[[ RECORDS FOR THE TASK, beginning ]]

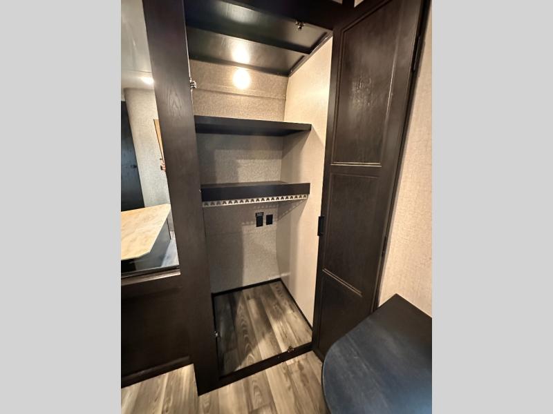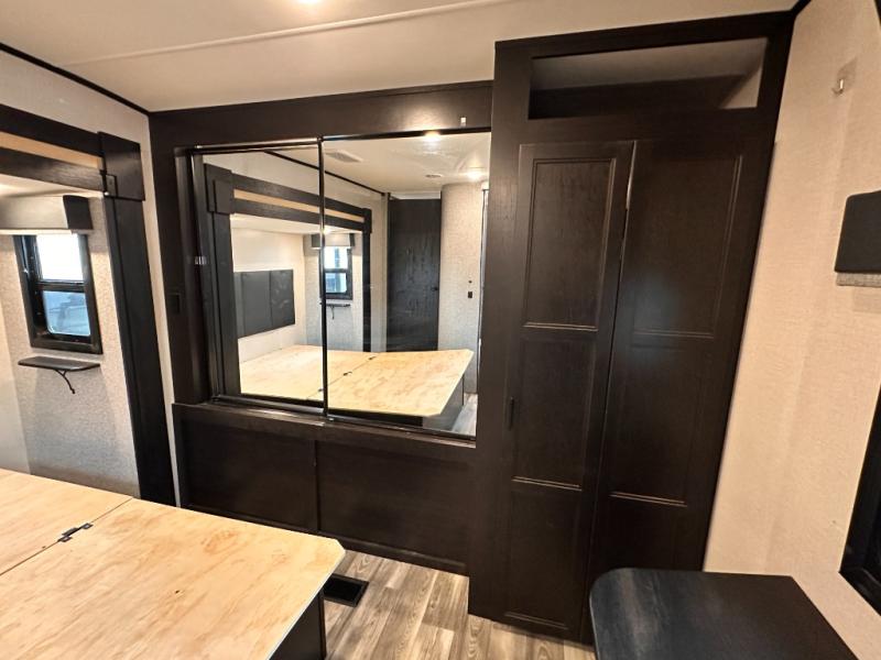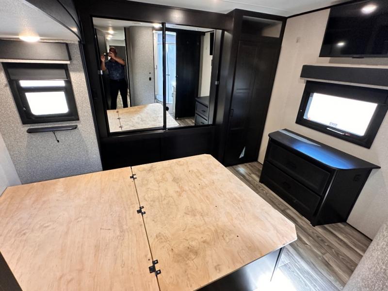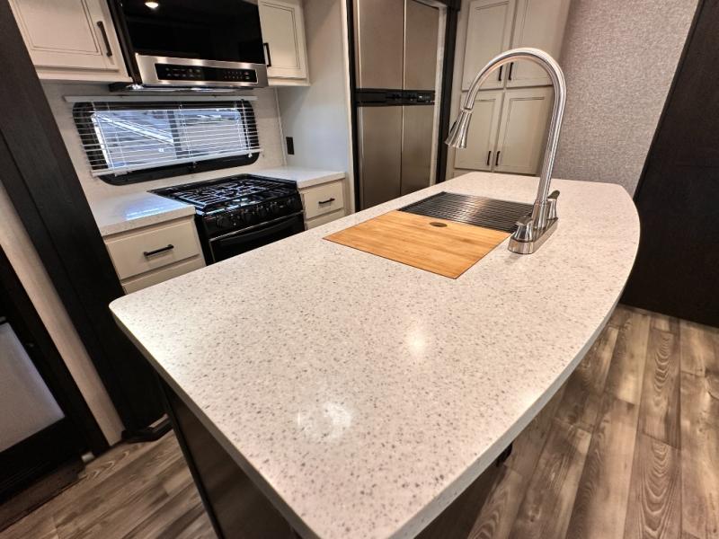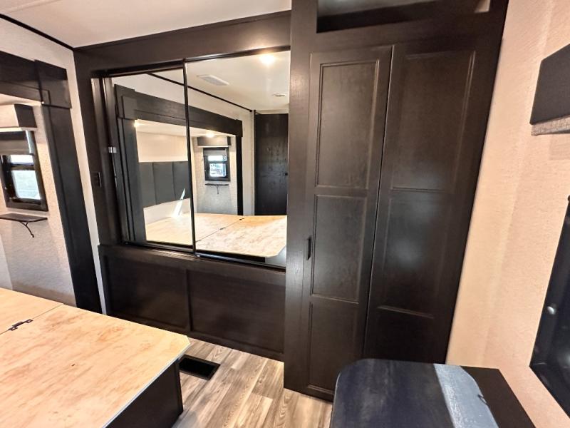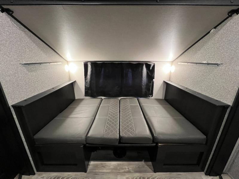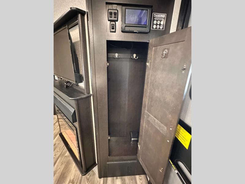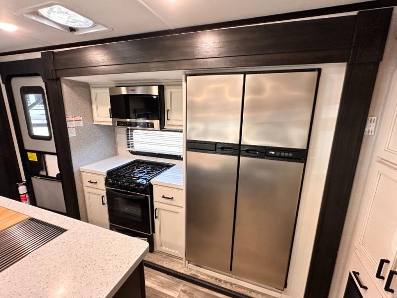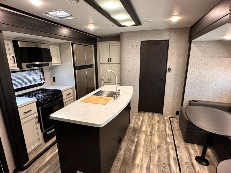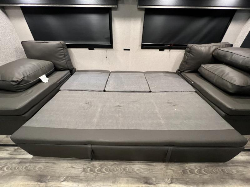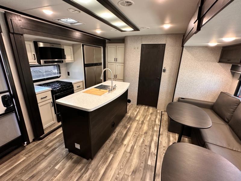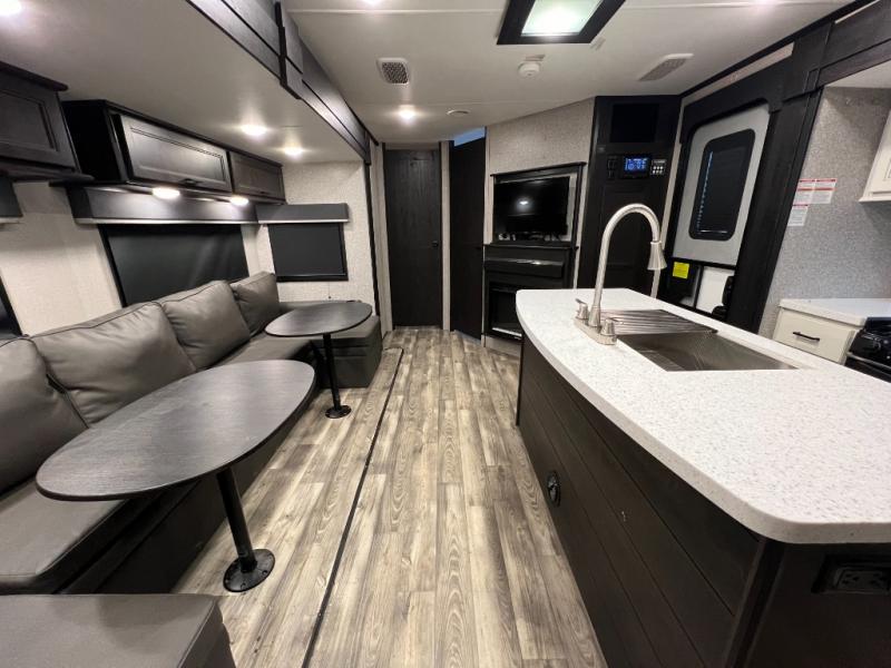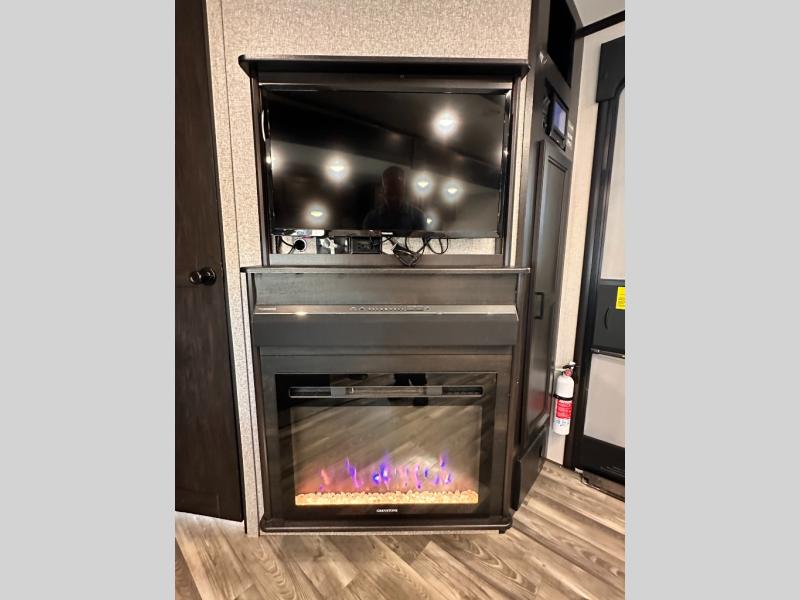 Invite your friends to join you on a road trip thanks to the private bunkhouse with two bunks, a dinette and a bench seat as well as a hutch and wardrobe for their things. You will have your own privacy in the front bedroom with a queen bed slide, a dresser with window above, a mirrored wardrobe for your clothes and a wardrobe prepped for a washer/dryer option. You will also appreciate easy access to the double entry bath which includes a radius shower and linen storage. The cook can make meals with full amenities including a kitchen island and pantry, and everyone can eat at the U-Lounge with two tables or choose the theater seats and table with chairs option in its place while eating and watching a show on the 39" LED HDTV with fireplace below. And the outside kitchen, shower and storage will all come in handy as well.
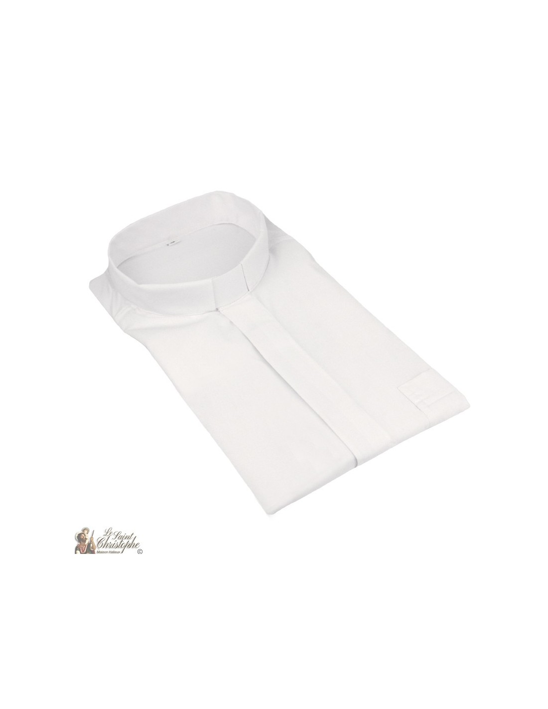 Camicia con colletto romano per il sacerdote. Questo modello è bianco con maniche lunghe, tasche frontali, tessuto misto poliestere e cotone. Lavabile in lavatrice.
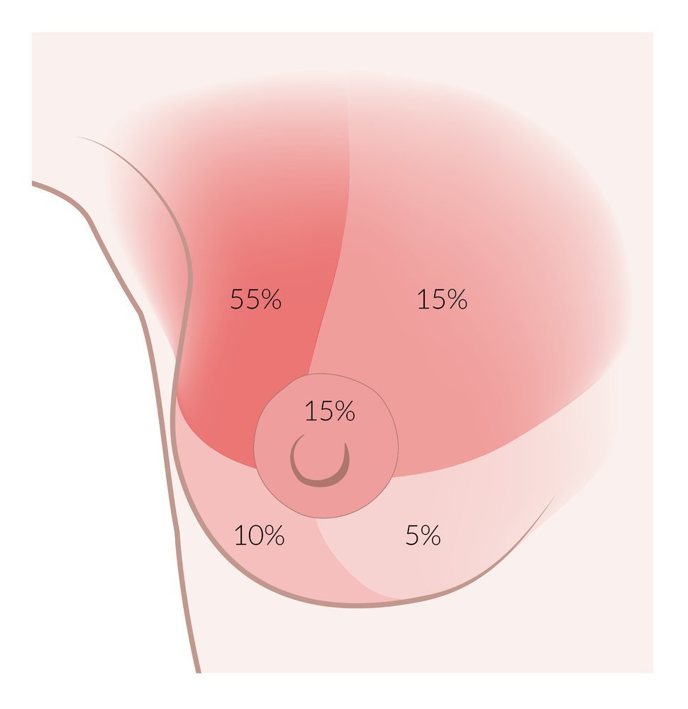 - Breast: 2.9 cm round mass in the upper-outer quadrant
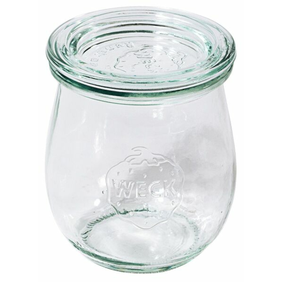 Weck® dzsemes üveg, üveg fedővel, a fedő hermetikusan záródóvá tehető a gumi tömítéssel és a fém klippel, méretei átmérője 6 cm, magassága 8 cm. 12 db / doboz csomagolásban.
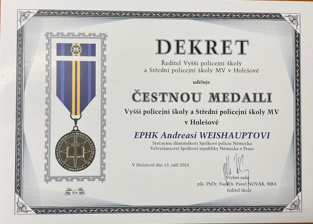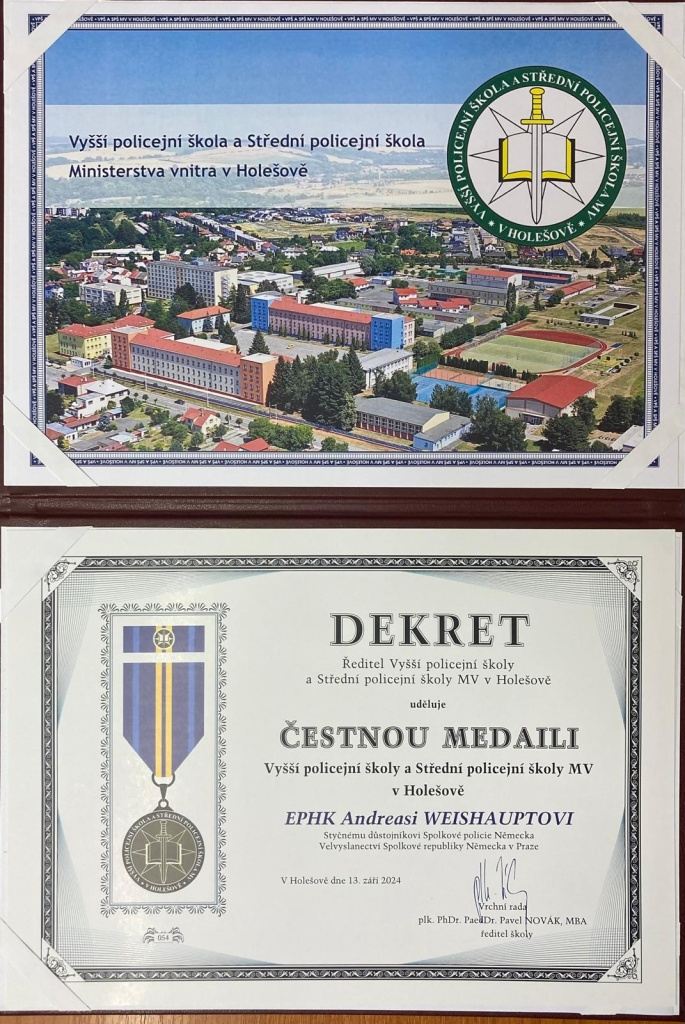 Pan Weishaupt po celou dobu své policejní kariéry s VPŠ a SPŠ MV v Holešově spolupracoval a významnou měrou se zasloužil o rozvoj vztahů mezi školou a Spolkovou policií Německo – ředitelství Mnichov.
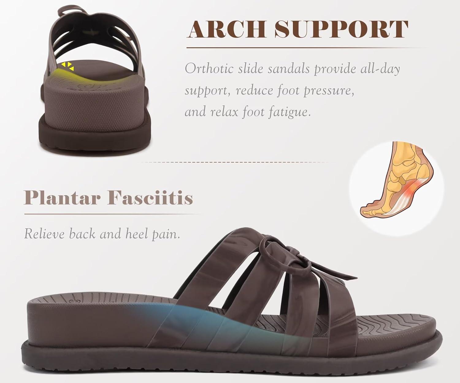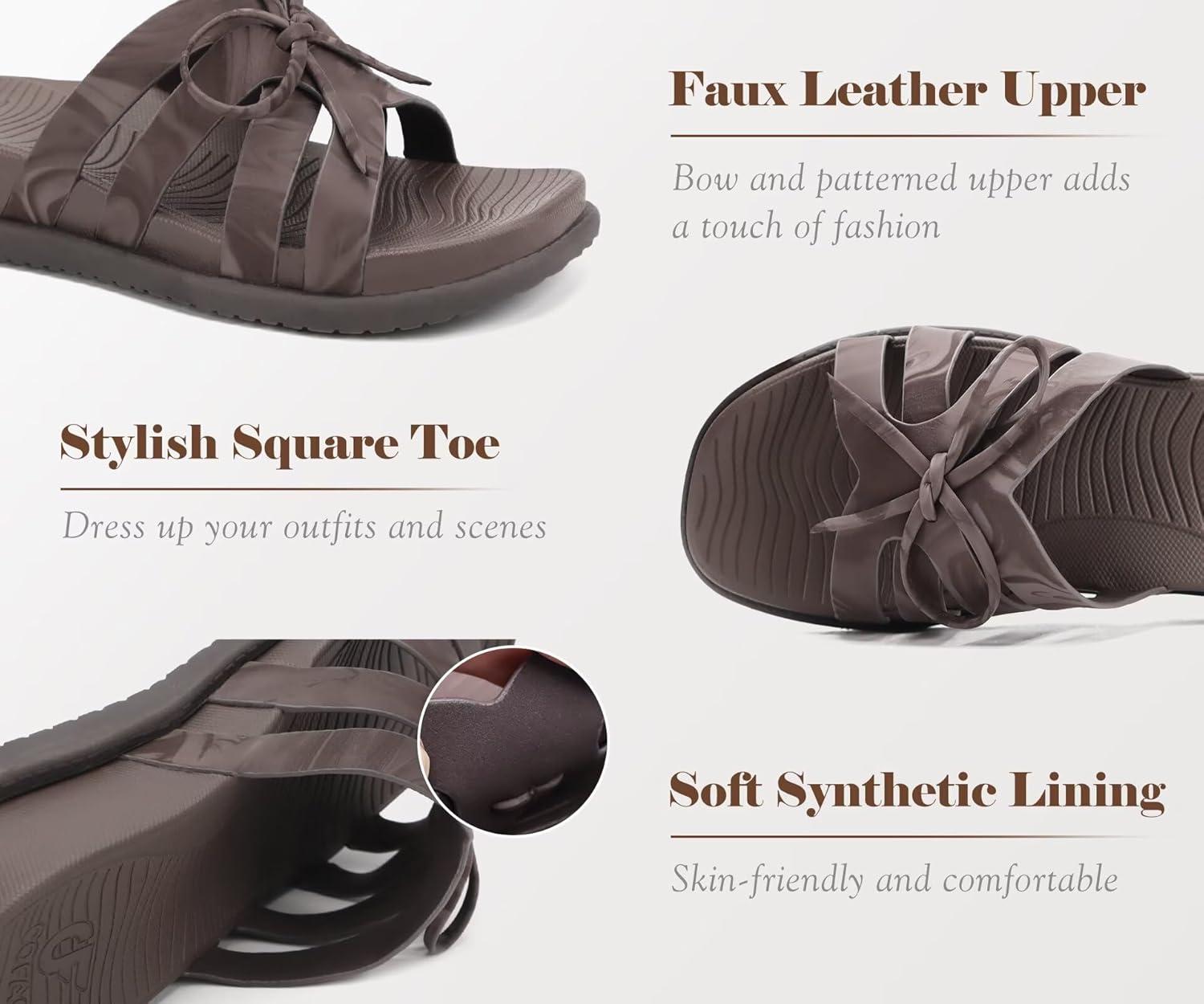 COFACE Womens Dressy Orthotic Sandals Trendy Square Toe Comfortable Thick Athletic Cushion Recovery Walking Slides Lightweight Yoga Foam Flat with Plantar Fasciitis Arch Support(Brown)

[[ RECORDS FOR THE TASK, end ]]

EXERCISE GOAL: The answer must be the lines above from the line that contains "- Breast: 2.9" to the final line of the data, word for word, with no pictures.

TASK SOLUTION:
 - Breast: 2.9 cm round mass in the upper-outer quadrant
 Weck® dzsemes üveg, üveg fedővel, a fedő hermetikusan záródóvá tehető a gumi tömítéssel és a fém klippel, méretei átmérője 6 cm, magassága 8 cm. 12 db / doboz csomagolásban.
 Pan Weishaupt po celou dobu své policejní kariéry s VPŠ a SPŠ MV v Holešově spolupracoval a významnou měrou se zasloužil o rozvoj vztahů mezi školou a Spolkovou policií Německo – ředitelství Mnichov.
 COFACE Womens Dressy Orthotic Sandals Trendy Square Toe Comfortable Thick Athletic Cushion Recovery Walking Slides Lightweight Yoga Foam Flat with Plantar Fasciitis Arch Support(Brown)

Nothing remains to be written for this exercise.